Try it:
Exact copies of the lines below, from the one with "Γλυπτό κολιέ με" up to and including the one with "南京工業(yè)大學(xué", are what this calls for; leave out pictures.

Exercise input:
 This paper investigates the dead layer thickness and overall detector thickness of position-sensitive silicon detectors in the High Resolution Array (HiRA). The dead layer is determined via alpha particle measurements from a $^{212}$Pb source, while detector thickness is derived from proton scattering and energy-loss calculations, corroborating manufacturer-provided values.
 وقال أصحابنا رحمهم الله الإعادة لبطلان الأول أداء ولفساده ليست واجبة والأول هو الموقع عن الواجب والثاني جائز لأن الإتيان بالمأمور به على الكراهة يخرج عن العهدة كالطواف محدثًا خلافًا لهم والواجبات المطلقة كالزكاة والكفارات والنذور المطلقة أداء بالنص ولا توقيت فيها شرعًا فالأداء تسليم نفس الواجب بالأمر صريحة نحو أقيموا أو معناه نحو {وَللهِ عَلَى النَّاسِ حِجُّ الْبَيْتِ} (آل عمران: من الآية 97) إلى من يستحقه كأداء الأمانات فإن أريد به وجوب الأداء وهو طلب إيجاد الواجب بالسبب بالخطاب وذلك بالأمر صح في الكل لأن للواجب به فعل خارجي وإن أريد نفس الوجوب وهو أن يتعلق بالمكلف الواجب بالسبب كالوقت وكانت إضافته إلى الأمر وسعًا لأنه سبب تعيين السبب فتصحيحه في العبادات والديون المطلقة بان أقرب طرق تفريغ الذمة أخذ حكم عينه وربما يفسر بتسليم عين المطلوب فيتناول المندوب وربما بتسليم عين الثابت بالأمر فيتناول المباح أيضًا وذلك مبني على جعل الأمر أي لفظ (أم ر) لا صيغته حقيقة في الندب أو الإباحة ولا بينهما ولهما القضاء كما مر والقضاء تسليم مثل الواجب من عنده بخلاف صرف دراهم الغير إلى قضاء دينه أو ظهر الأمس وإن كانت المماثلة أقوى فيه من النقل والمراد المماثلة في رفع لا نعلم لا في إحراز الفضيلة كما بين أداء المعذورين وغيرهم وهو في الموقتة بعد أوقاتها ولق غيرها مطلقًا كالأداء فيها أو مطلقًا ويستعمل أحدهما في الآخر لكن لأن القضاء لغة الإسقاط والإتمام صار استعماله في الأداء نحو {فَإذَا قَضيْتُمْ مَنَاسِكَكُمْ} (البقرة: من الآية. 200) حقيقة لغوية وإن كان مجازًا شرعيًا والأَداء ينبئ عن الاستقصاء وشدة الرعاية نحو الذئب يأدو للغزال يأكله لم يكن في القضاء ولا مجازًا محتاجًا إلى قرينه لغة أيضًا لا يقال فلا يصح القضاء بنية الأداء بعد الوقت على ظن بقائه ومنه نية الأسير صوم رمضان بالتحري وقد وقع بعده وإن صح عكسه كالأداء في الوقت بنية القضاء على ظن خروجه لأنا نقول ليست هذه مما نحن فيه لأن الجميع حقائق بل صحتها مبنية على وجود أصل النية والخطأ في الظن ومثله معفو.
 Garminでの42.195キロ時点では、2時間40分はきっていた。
* * *
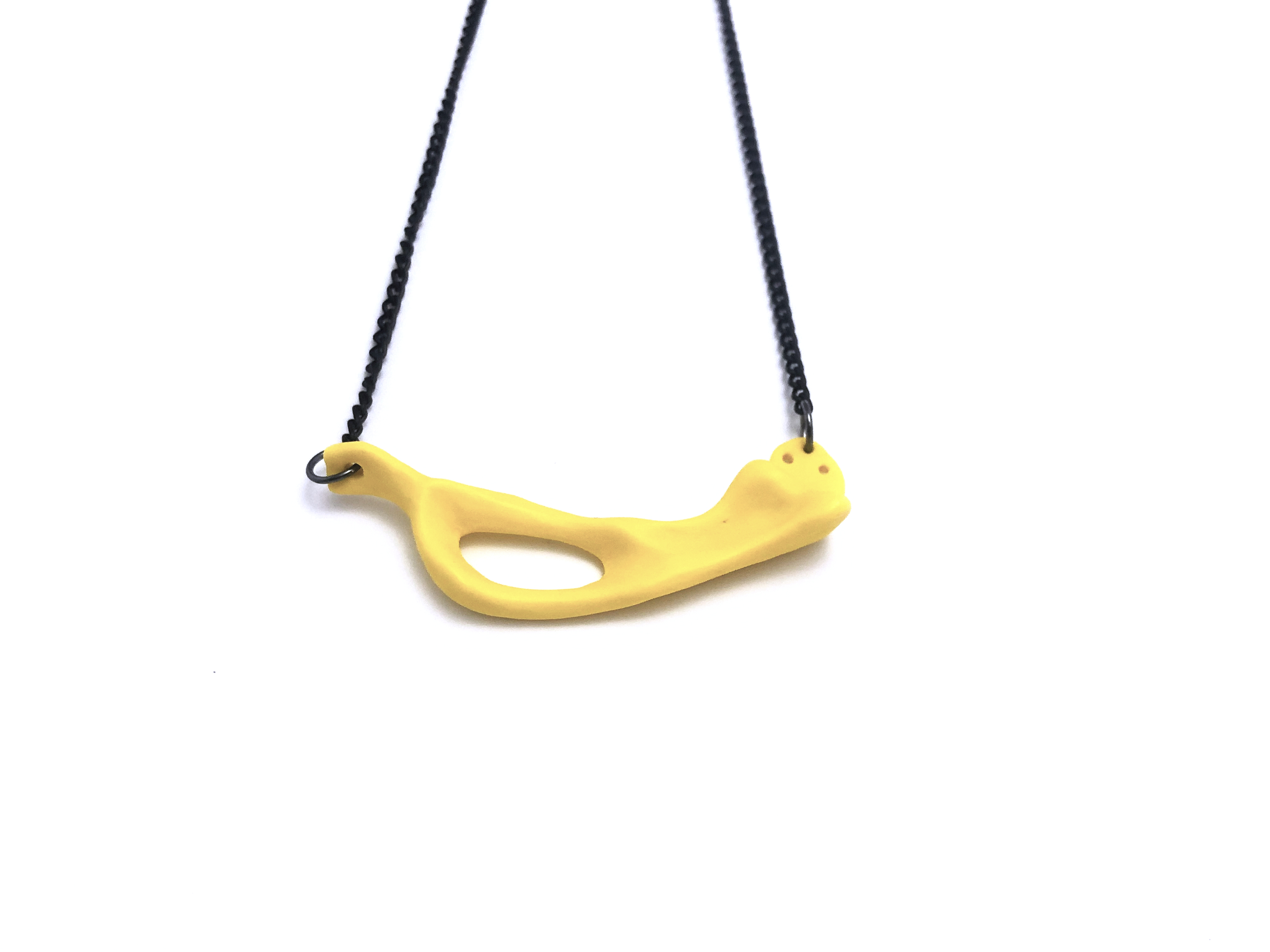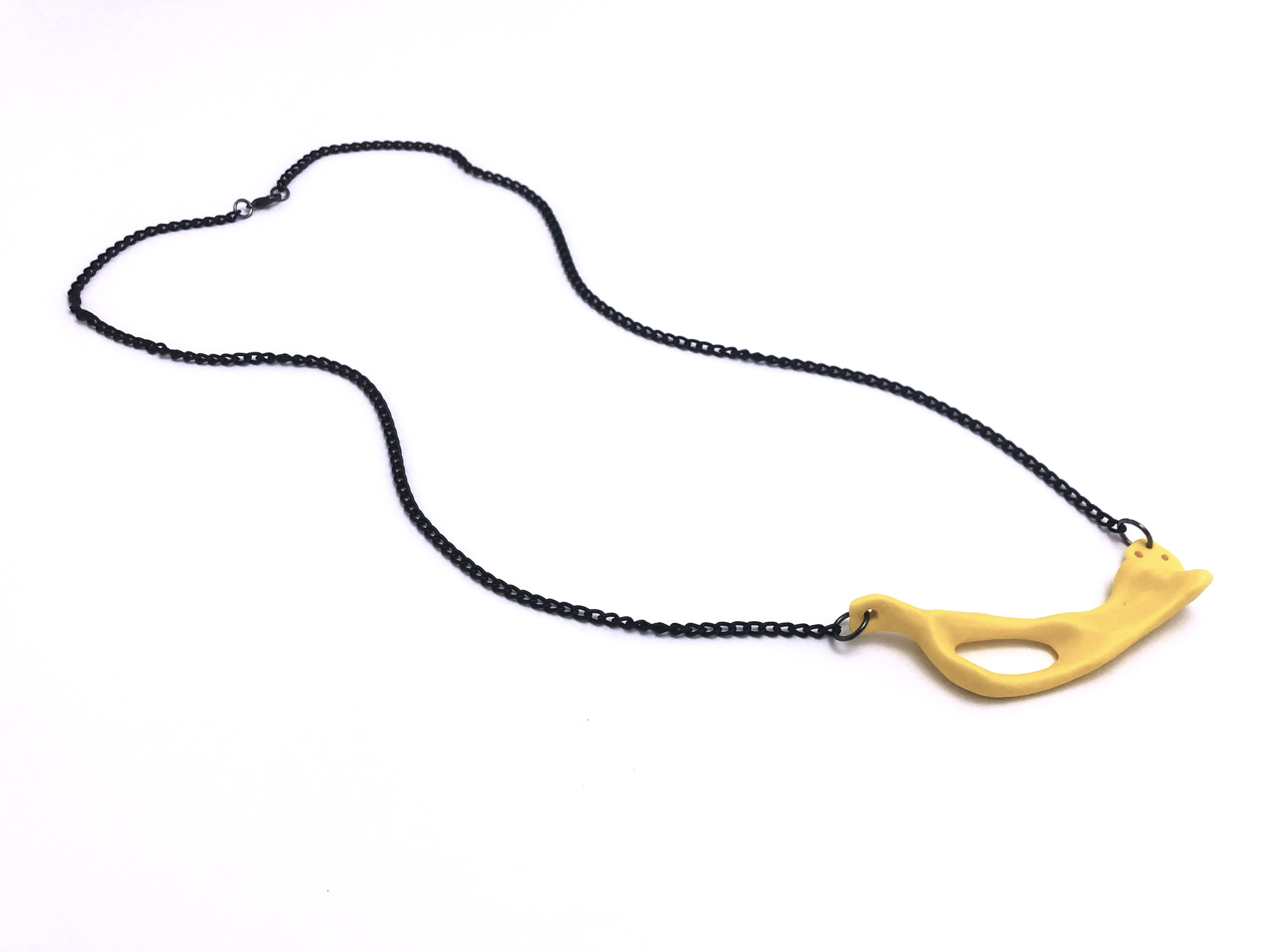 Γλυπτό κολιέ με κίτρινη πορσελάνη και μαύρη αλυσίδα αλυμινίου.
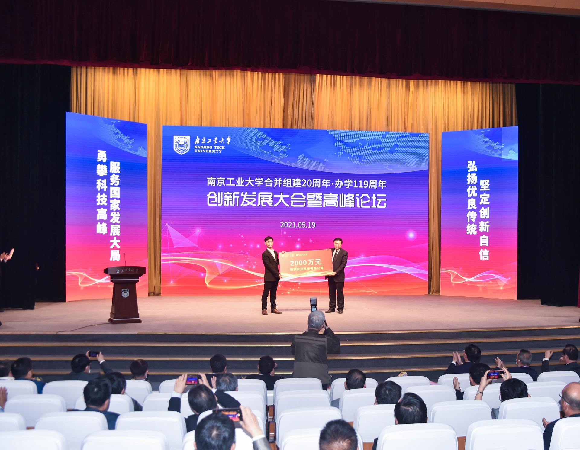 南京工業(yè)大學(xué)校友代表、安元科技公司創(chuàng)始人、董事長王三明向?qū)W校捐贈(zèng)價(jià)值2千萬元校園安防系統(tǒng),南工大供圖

Answer below:
 Γλυπτό κολιέ με κίτρινη πορσελάνη και μαύρη αλυσίδα αλυμινίου.
 南京工業(yè)大學(xué)校友代表、安元科技公司創(chuàng)始人、董事長王三明向?qū)W校捐贈(zèng)價(jià)值2千萬元校園安防系統(tǒng),南工大供圖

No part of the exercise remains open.